The cost: each blocking syscall may spawn/wake an OS thread.
For many concurrent blocking syscalls: many OS threads.
(This is the underlying reason for "goroutines are cheap, blocking syscalls aren't")

Channel Internals

Channels are Go's primary synchronization and communication primitive. Internally, a channel is an hchan struct:

// Internal representation (simplified from runtime/chan.go):
type hchan struct {
    qcount   uint           // number of elements in queue
    dataqsiz uint           // capacity of circular queue
    buf      unsafe.Pointer // points to circular queue array
    elemsize uint16
    closed   uint32
    elemtype *_type
    sendx    uint           // send index in circular buffer
    recvx    uint           // receive index in circular buffer
    recvq    waitq          // list of goroutines waiting to receive
    sendq    waitq          // list of goroutines waiting to send
    lock     mutex
}

type waitq struct {
    first *sudog  // list head
    last  *sudog
}

type sudog struct {
    g      *g             // the goroutine
    next   *sudog
    prev   *sudog
    elem   unsafe.Pointer // data element (copy of value being sent/received)
    // ...
}

Channel operation scenarios:

Channel send/receive scenarios
================================

Unbuffered channel ch (dataqsiz=0):

Scenario A: receiver waiting
  G2 is blocked on <-ch (recv):
    G2 is in ch.recvq
  G1 sends ch <- val:
    runtime directly copies val to G2's stack frame
    G2 moves to runnable queue
    G1 continues running

Scenario B: no receiver
  G1 sends ch <- val (no receiver waiting):
    G1 is parked (added to ch.sendq with val)
    G1.state = _Gwaiting
    P continues running other goroutines
  Later G2 receives <-ch:
    G2 finds G1 in sendq
    G2 copies val from G1's sudog
    G1 is unparked → _Grunnable

Buffered channel ch = make(chan int, N):

  If buffer not full: send copies val to buffer, continues
  If buffer full: same as unbuffered (sender blocks in sendq)
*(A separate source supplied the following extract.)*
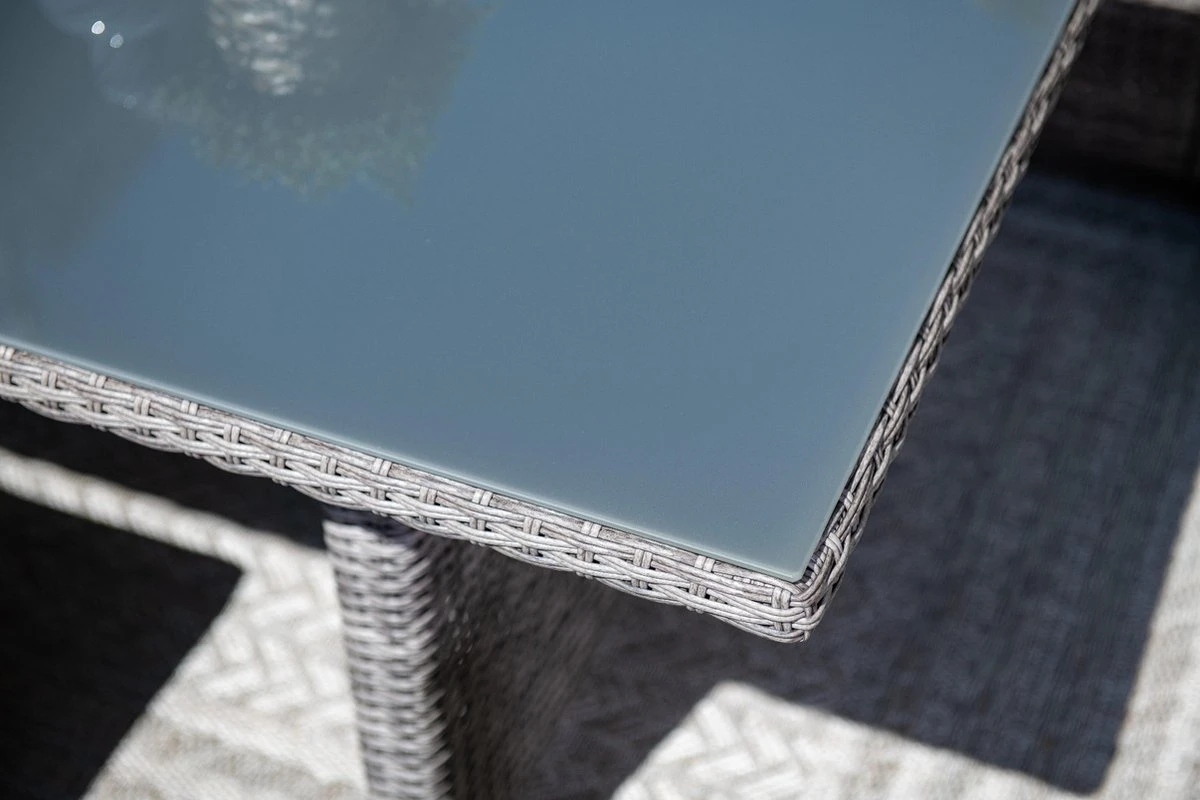 Ben je op zoek naar een comfortabele loungeset om heerlijk in te kunnen ontspannen, maar ook lekker in kunt eten? Met de Jaru lounge dining set hoef je geen moeilijke keuze meer te maken tussen een dining set of een loungeset. Deze mooie en ruime lounge dining set heeft het allebei! Deze set is vervaardigd uit een onderhoudsvrij aluminium met daaromheen weerbestendig wicker in de kleur organic grey, waardoor je het hele jaar kunt genieten van deze mooie lounge dining set. Het wicker is gemaakt van een stevig kunststof waardoor de set zeer duurzaam is. Deze set wordt compleet geleverd met hoogwaardige kwaliteit polyester zit- en rugkussens. De zitkussens zijn bovendien voorzien van een rits, waardoor de hoesjes met de hand gewassen kunnen worden. De kussens zijn niet 100% waterdicht, maar zijn wel voorzien van een waterafstotende coating. Dit is vooral erg praktisch als er bijvoorbeeld op het kussen wordt gemorst met drinken. Je veegt het vocht er namelijk gemakkelijk weer af. Na gebruik kunnen de kussens opgeborgen worden in de schuur of in een kussenbox. De ruime bijpassende lounge dining tafel is voorzien van een mooie geharde glasplaat. Deze lounge diningset bestaat uit twee losse bankdelen, een tafel en twee krukjes. De bankdelen kunnen aan de onderzijde door middel van clips eenvoudig aan elkaar vast worden gezet. Na ontvangst van de set moet alleen één armleuning en het onderstel van de tafel gemonteerd worden, dit is uiteraard eenvoudig zelf te doen. De Jaru lounge dining set is leverbaar in diverse kleurstellingen. De afmetingen van deze setopstelling zijn: L 255 x B 205 x H 85 cm. De tafel is 150 cm lang en 80 cm breed.

  If buffer not empty: receive copies from buffer, continues
  If buffer empty: same as unbuffered (receiver blocks in recvq)

Select Statement Internals

select allows waiting on multiple channel operations:

select {
case v := <-ch1:     // receive from ch1
    processV(v)
case ch2 <- x:       // send x to ch2
    processSent()
case <-time.After(5 * time.Second):
    handleTimeout()
default:             // non-blocking: execute if no case is ready
    handleNoReady()
}

Implementation: when no case is ready, the goroutine is added to ALL relevant channels' send/recv queues simultaneously. When any channel becomes ready, the goroutine is removed from all other queues and resumed. This is the trickiest part of the scheduler — the goroutine must be atomically de-registered from multiple channel queues.

Goroutine Stack Growth

Go uses contiguous stacks that grow and shrink:

Stack Growth (Go 1.14+: contiguous stacks)
============================================

Initial goroutine stack: 2KB or 8KB (version-dependent)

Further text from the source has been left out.